From 31 December 2020, HFEA licensed clinics in Great Britain (GB i.e. England, Scotland and Wales) are required to comply with:

• General Direction 0009(GB) (version 2) on keeping gametes and embryos in the course of carriage between premises – in force from 11 pm 31 December 2020;
• General Direction 0013(GB) (version 3) on traceability – in force from 11 pm 31 December 2020

From 30 June 2021, HFEA licensed clinics in GB are required to comply with:

• General Direction 0006(GB) (version 9) on imports and exports of gametes and embryos

These new and revised versions of General Directions supersede associated guidance in the Code of Practice, which will be considered inactive. The Code of Practice will be updated in October 2021 to reflect the revised General Directions.

Please see the following Chairs Letters which outline these changes in greater detail and provides further guidance:

15/12/2020 CH(20)02: Regulation changes for the end of the Implementation Period

09/06/2021 CH(21)02: Regulation changes for the end of the Transition Period

Changes to import requirements

From 30 June 2021, licensed centres in GB:

• Will import and export under GD0006(GB) version 9, or under the Special Direction scheme;
• Will need pre-approval through their HFEA issued ITE import certificates, for gamete and embryo imports from suppliers in third countries. After 30 June 2021, all countries outside of the UK, including those in the EEA, are considered third countries; and
• Will be able to import and export freely from/to NI, though a centre in NI receiving gametes or embryos from GB will need approval via their ITE import certificate from 31 December 2020 onwards.

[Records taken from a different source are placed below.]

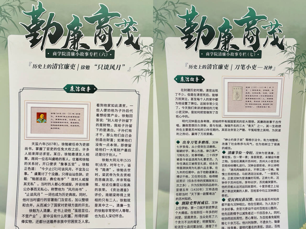 学院在毕业季通过“一标、一形、一廊、一制”等阵地建设,制作廉洁小故事展板,线上线下定期推出“勤廉商茂”清廉小故事专栏,培育好“勤廉商贸”廉洁文化品牌,厚植清廉之风以润校园,不断夯实毕业生党员的清正廉洁思想根基。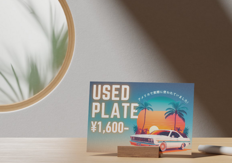 実際に使われていた車のナンバープレートを販売・紹介するために制作したPOPです。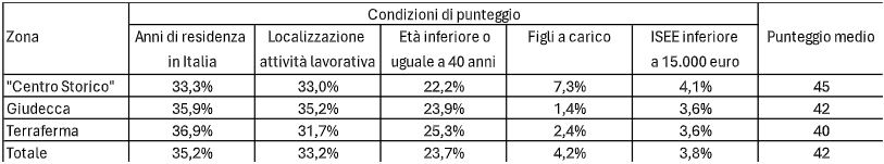 Nella Venezia insulare, la condizione di punteggio di gran lunga maggioritaria (oltre l’80%) è la presenza nel nucleo di almeno un componente residente da più di dieci anni in Italia. Anche i punteggi per lavoro in “Centro Storico”, Comune e Città metropolitana sono frequenti, intorno al 60% delle domande in graduatoria.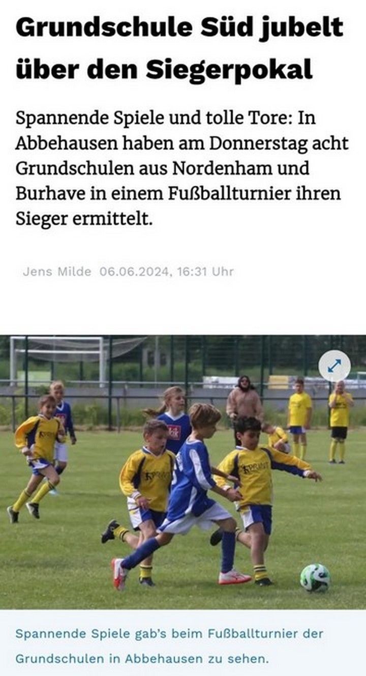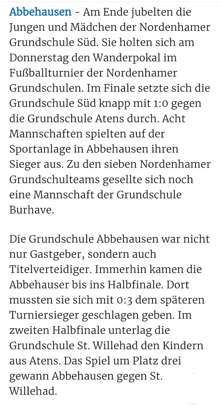 Kreiszeitung vom 20.06.2016 - Südschule bleibt ungeschlagen »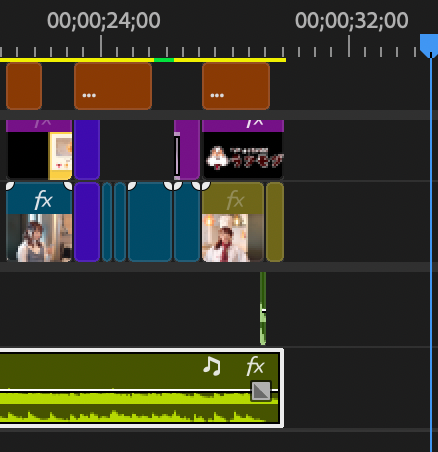 - 再生ヘッドを29:10に合わせてもう一度クリップを短縮する

From 31 December 2020, licensed centres in Northern Ireland:

• Will import and export under a new GD0006(NI) version 1, or under the Special Direction scheme; and
• Will need pre-approval through their ITE import certificates, for gamete and embryo imports from countries outside the EEA, including for movements from GB to NI from 31 December onwards.

Please use this flowchart to identify whether an ITE import certificate application is required.

The ITE import certificate application form is held in the licensing applications function in the centre-restricted area of the Clinic Portal. Please see this page for guidance on how to complete the import application form and for Frequently Asked Questions.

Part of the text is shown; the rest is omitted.